Work item: Nothing but the lines from the start of the entries through the line holding "Pergola bioclimatique autoportée" is to be repeated, exactly and with pictures excluded.

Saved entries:
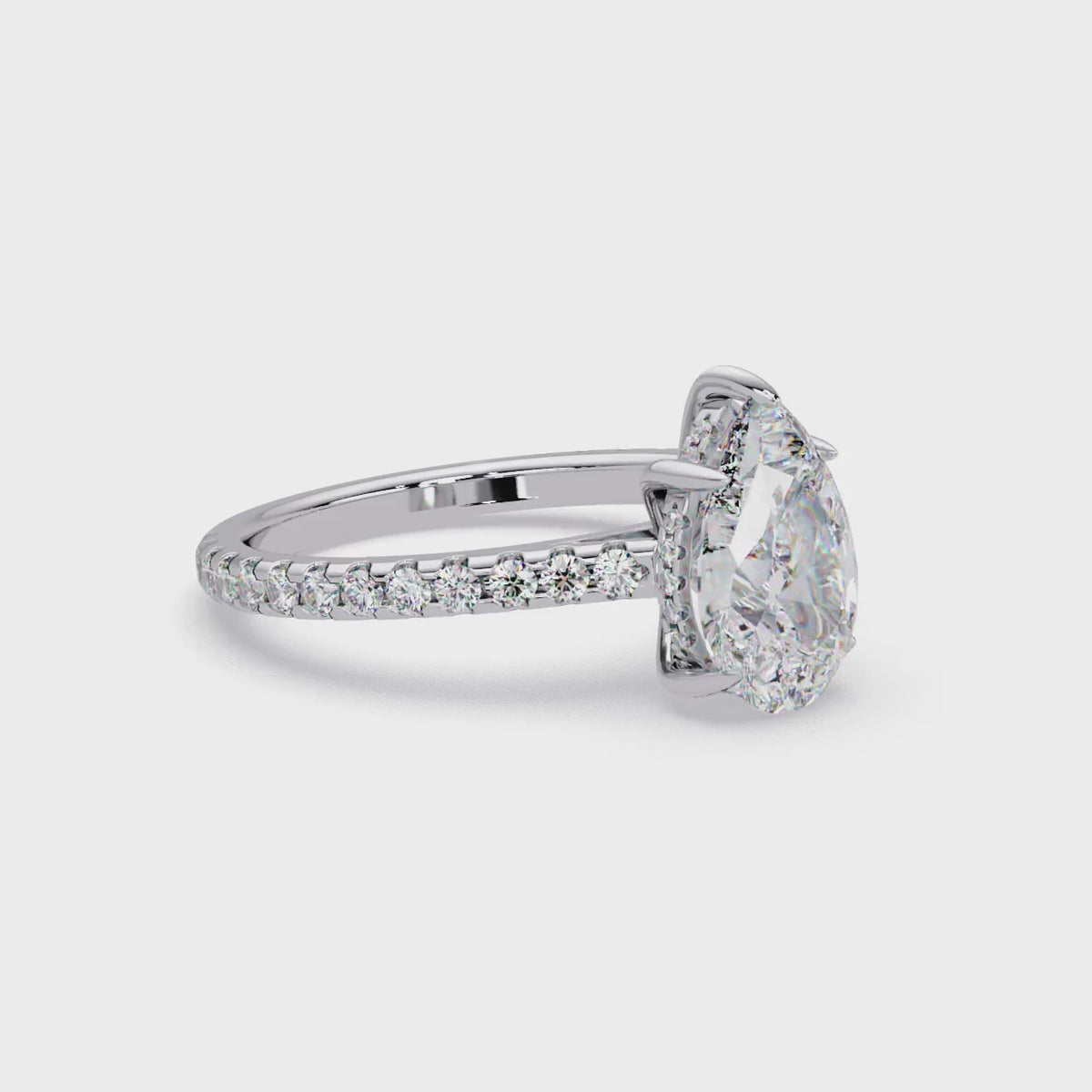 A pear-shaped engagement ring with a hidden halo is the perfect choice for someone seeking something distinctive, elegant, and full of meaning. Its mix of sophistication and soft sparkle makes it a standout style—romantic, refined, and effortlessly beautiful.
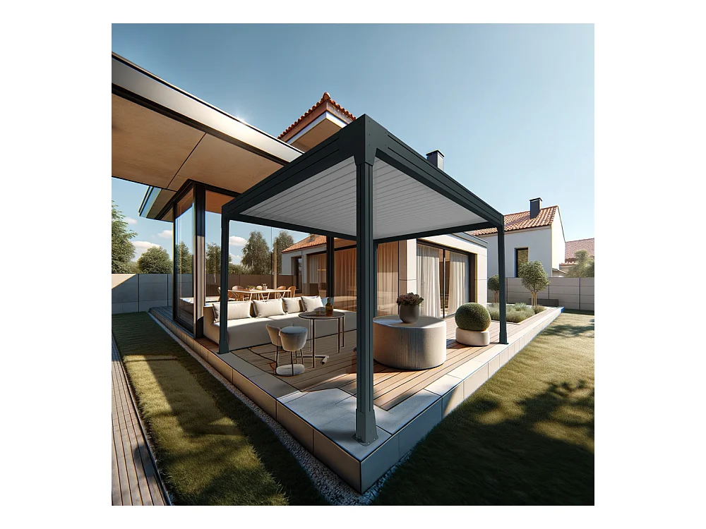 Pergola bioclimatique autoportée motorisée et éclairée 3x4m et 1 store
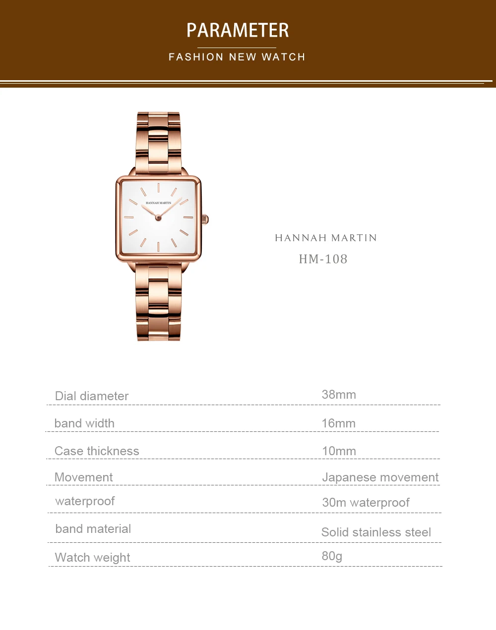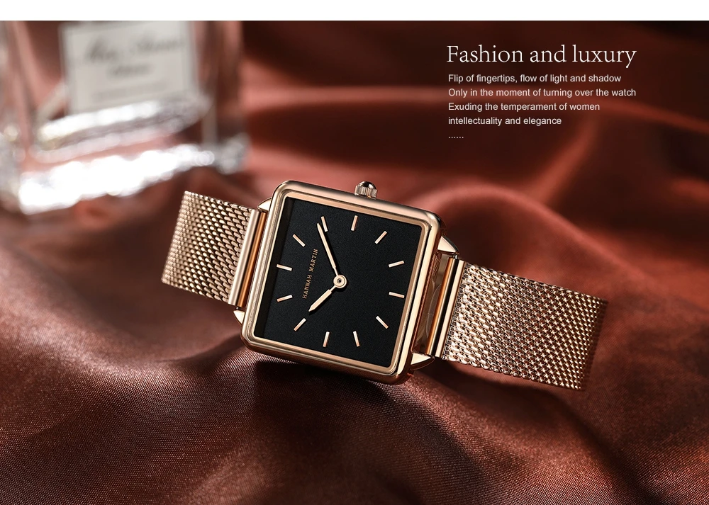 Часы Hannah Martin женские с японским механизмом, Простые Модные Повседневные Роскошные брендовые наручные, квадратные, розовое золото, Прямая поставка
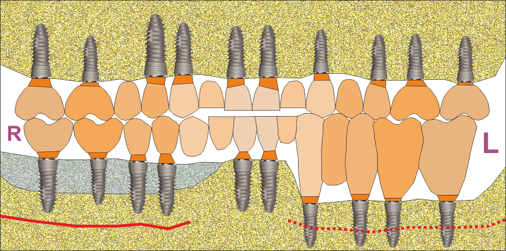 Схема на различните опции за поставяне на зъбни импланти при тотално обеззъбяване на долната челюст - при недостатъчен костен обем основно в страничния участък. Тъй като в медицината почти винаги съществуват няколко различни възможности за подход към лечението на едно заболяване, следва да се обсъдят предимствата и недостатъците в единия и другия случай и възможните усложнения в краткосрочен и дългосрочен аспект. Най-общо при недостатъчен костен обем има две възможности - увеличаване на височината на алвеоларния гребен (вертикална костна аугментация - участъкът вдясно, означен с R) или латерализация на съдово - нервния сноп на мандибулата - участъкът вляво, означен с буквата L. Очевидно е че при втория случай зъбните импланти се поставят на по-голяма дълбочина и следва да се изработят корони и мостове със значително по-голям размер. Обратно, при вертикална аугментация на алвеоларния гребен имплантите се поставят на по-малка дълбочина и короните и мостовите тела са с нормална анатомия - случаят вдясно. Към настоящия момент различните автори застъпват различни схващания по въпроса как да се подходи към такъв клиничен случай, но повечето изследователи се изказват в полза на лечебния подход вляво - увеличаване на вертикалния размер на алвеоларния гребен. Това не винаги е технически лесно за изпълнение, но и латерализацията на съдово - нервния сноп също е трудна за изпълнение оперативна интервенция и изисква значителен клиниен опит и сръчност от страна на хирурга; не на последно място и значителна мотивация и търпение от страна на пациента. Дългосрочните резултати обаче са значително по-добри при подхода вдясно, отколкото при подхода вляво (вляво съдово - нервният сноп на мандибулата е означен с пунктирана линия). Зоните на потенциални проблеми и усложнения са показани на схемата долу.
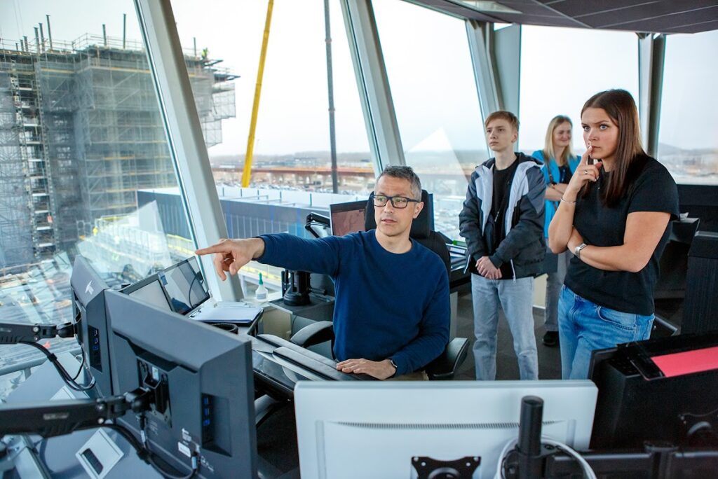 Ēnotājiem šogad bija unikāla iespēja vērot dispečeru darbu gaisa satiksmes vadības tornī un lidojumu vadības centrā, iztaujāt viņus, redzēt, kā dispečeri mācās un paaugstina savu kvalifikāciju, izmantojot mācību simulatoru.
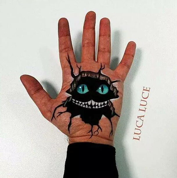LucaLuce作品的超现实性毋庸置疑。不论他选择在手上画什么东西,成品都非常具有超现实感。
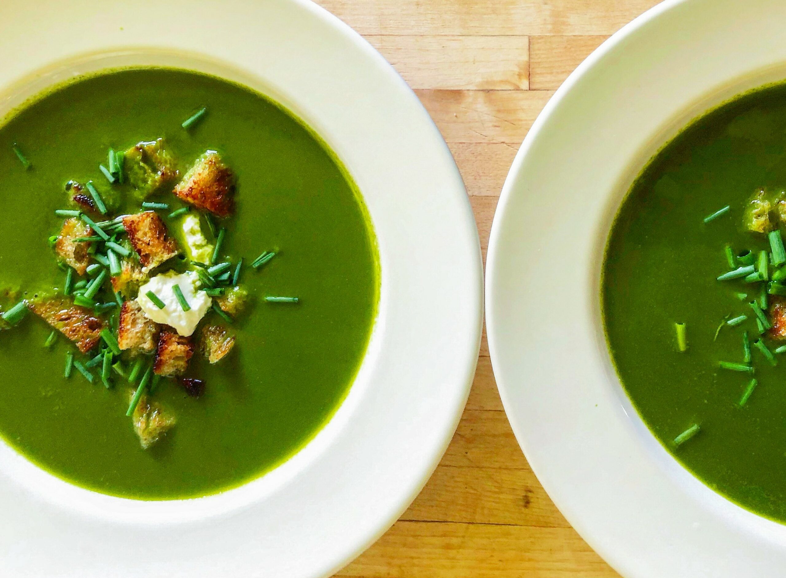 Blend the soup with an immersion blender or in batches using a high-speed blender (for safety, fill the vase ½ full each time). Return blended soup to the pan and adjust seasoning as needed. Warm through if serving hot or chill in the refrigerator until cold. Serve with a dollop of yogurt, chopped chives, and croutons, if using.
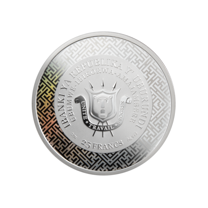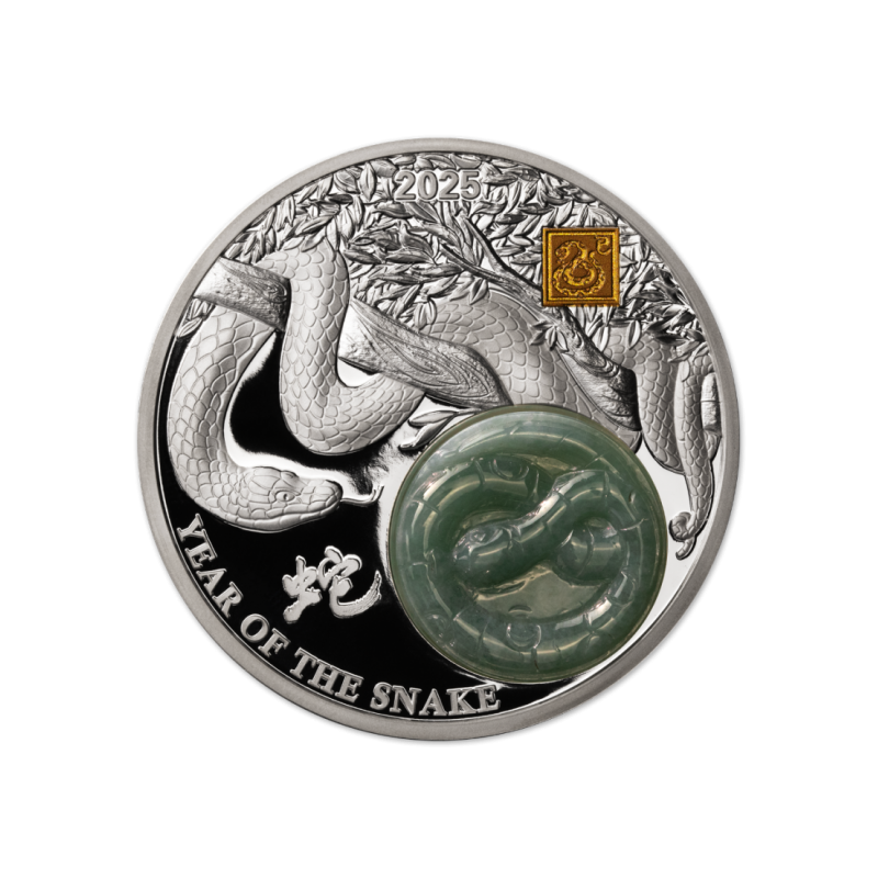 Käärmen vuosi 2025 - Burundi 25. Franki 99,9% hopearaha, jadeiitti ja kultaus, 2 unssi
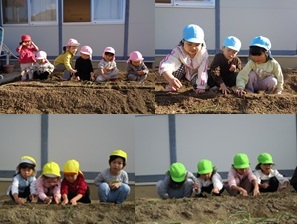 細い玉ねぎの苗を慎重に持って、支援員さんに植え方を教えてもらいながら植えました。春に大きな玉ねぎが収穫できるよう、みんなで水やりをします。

Solution for this exercise:
 A pear-shaped engagement ring with a hidden halo is the perfect choice for someone seeking something distinctive, elegant, and full of meaning. Its mix of sophistication and soft sparkle makes it a standout style—romantic, refined, and effortlessly beautiful.
 Pergola bioclimatique autoportée motorisée et éclairée 3x4m et 1 store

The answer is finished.